An innovative teacher education program that creates virtual classrooms for University of Wyoming students played a key role in a statewide teaching competition for high school students.

Lindsey Freeman, a UW assistant lecturer in the School of Teacher Education, leveraged UW’s Zoom subscription to connect with contestants from the agriculture shops at their high schools in a virtual classroom using Mursion augmented reality software. Each contestant in the Agricultural Education Teaching Contest presented a 15-minute teaching segment based on one of the learning activities from their submitted lesson plans to the Mursion avatars. Because of the COVID-19 pandemic, the competition had to be conducted online rather than in person.

The UW Trustees Education Initiative (TEI) made this tool available to the College of Education as a way to better prepare teaching candidates for field experiences and their teaching careers. This system not only enabled the contest to take place virtually, but it also enhanced the realism of the experience for the participants. Similar contests that take place in other states do not use the Mursion augmented reality software that is available at UW.

The UW College of Education’s Agricultural Education Program and Freeman organized the recent competition.

“I am interested in teaching, so it was fun seeing what that career could be like for me,” says Brooke Wright, a Worland High School sophomore who won the Agricultural Education Teaching Contest. “It made it seem like I was a real teacher and helped me see what our teachers have to go through.
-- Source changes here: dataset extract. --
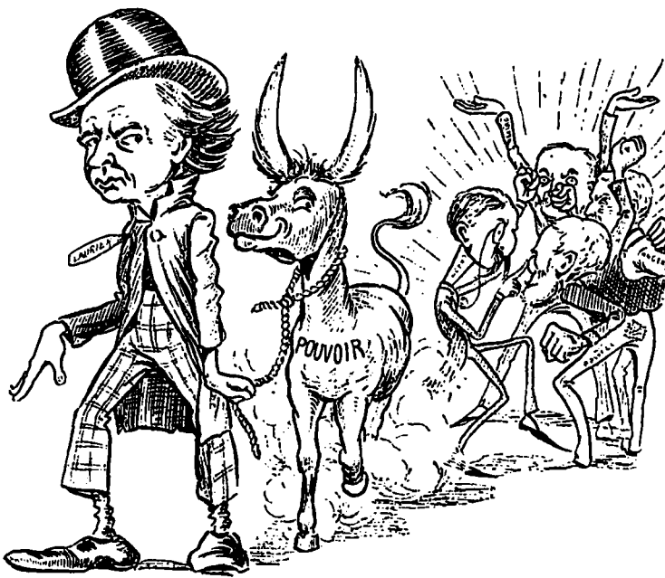
ILLUSTRATION D'UNE VIEILLE FABLE

Ce qui arrivera inévitablement à Ottawa.

I liked it a lot, so it is a career I can see myself doing.”

The Mursion system provides a virtual classroom complete with four student avatars. These digital students can “see” the participant and the environment they are in, allowing them to react to the teachers and the lesson in real time. The behavior of the students creates an environment that mimics what a teacher might find in a real classroom. The student avatars will get off track and have side conversations, pull out a cellphone or speak without being called to answer a question.

“The virtual students in Mursion each have their own personalities and behave like real kids. Although the students in the competition only worked with the avatars for 15 minutes, they got to know their personalities,” Freeman says. “Mursion made it a more authentic experience for the students and ensured it was a teaching competition instead of just a teaching presentation.”

Luke Voss, a junior at Worland High School who finished third in the recent competition, also discussed the Mursion system.

“I had to tell students a couple of times to pay attention because they were doing random stuff,” he says. “I had to say their names and ask them to please pay attention, and they would get back on track.”

Another Worland student says the system will be beneficial for future careers.

“Being able to have a real scenario, where people don’t know what you are teaching, shows you how you can open people’s minds and show them what they can do in life,” says Efrain Deniz, a senior at Worland High School who placed fourth in the competition.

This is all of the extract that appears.